Vous proposez « un nouveau départ », ça veut dire que l'ancien départ à échoué. Concrètement qu'est-ce que vous mettez dans ce nouveau départ, pour que le camerounais vous croient ?
Cet ancien départ a échoué parce que c'était centré autour de l'État. C'est l'État qui faisait tout, c'est l'État qui voulait se mettre au centre de tout. Ici le nouveau départ remet l'État à sa place dans les cinq secteurs dont je parle. Le nouveau départ repose sur ceux qui ont vraiment de l'argent. Dans une économie en réalité, ce n'est pas l'État qui a l'argent, c'est le peuple qui a l'argent, c'est le peuple qui donne à l'Etat. Je dis donc que ce modèle n'est pas bon.
L'État ne peut plus être au centre. Remettons maintenant le peuple au centre parce que c'est lui qui a de l'argent dans les téléphones et c'est lui qui va acheter les actions pour financer les grands projets. L'État ne sera plus l'actionnaire des entreprises publiques. C'est le peuple qui sera l'actionnaire de ces entreprises qui deviendront des entreprises populaires et qui vont remplir les missions de service public.
Le nouveau départ concerne aussi notre fierté. Il y a le problème de tribalisme chez nous, le manque de fierté de soi,… regardez l’état de nos routes détruites depuis des années, c'est un manque de fierté. Nous devons restaurer notre fierté. Ce nouveau départ, c'est un départ qui va considérer notre diversité ethnique, culturelle comme un avoir, comme un atout.

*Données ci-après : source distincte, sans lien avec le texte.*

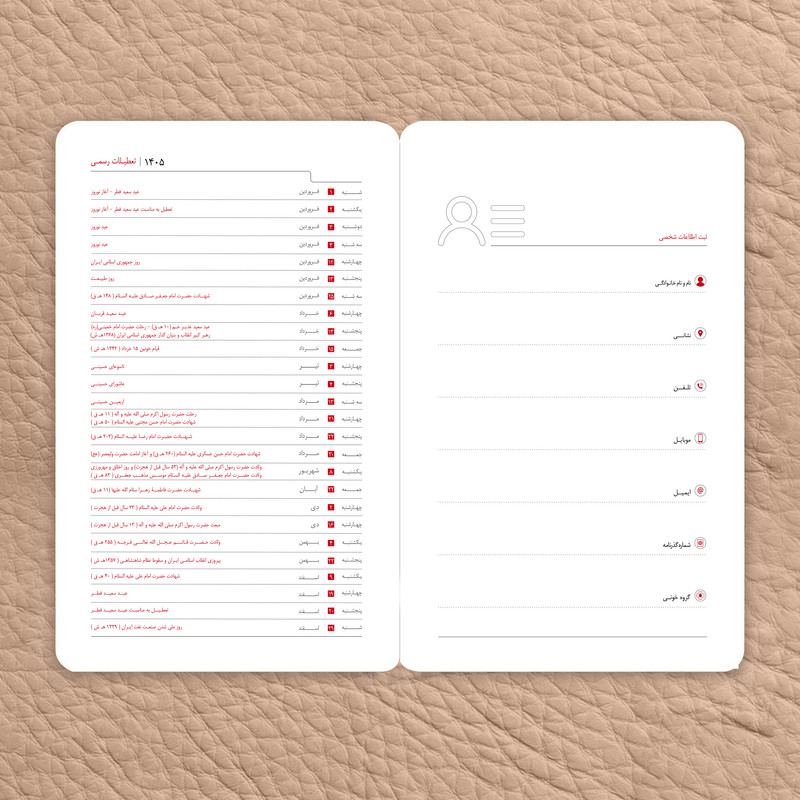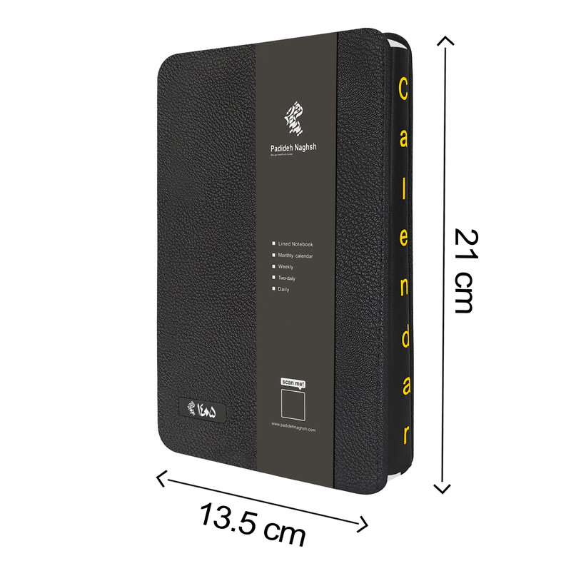 این مدل، یک ویژگی خاص در طراحی عطف دارد؛ دو رنگ زرد و قرمز روی لبه داخلی عطف قرار گرفته که علاوه بر جذابیت بصری، بهسرعت قابل شناسایی است. پلاک مشکی با نشانه ۱۴۰۵ نیز روی جلد نصب شده و ظاهر محصول را کاملتر میکند.

Et les gens vont voir lorsque je vais construire les musées ethnoculturels pour chaque communauté ethnoculturelle de notre société. Les gens vont découvrir la beauté artistique, les gens vont voir les masques traditionnels, Ils vont voir les habits traditionnels, ils vont voir l'histoire riche, millénaire de l'Afrique, de diverses communautés. Ils vont être eux-mêmes fiers de qui ils sont, en regardant simplement la beauté de notre diversité culturelle.
On va restaurer la fierté d'être Camerounais à nos frères et sœurs anglophones du Noso (Nord-Ouest et Sud-Ouest) en leur montrant la similitude de notre héritage ethnoculturel. En réalité, beaucoup de nos frères et sœurs anglophones sont des communautés ethnoculturelles du monde francophone également. Quand ils vont voir la communauté, le fond ethnoculturel similaire, je pense qu'ils vont retrouver cette fierté d'être Camerounais.
Et nous allons créer une académie de langues du Cameroun qui va non seulement préserver nos langues ethnoculturelles du Cameroun, les 250 ou 300, mais également fabriquer une langue nationale à partir des langues ethnoculturelles du Cameroun. Nous avons besoin de notre langue camerounaise. Vous et moi, sommes des Africains, des Camerounais. On est obligé d'utiliser les langues des Européens.
Ce n'est pas normal. On ne doit pas continuer comme ça. Il nous faut notre propre langue camerounaise qui nous permettra de communiquer entre nous sans avoir besoin d'une langue européenne. Le français et l'anglais seront relégués au statut de langues de travail. Voilà un peu ce nouveau départ dont je parle : un, fierté ; deux, modèle de financement populaire ; trois, remettre le peuple au centre du jeu politique.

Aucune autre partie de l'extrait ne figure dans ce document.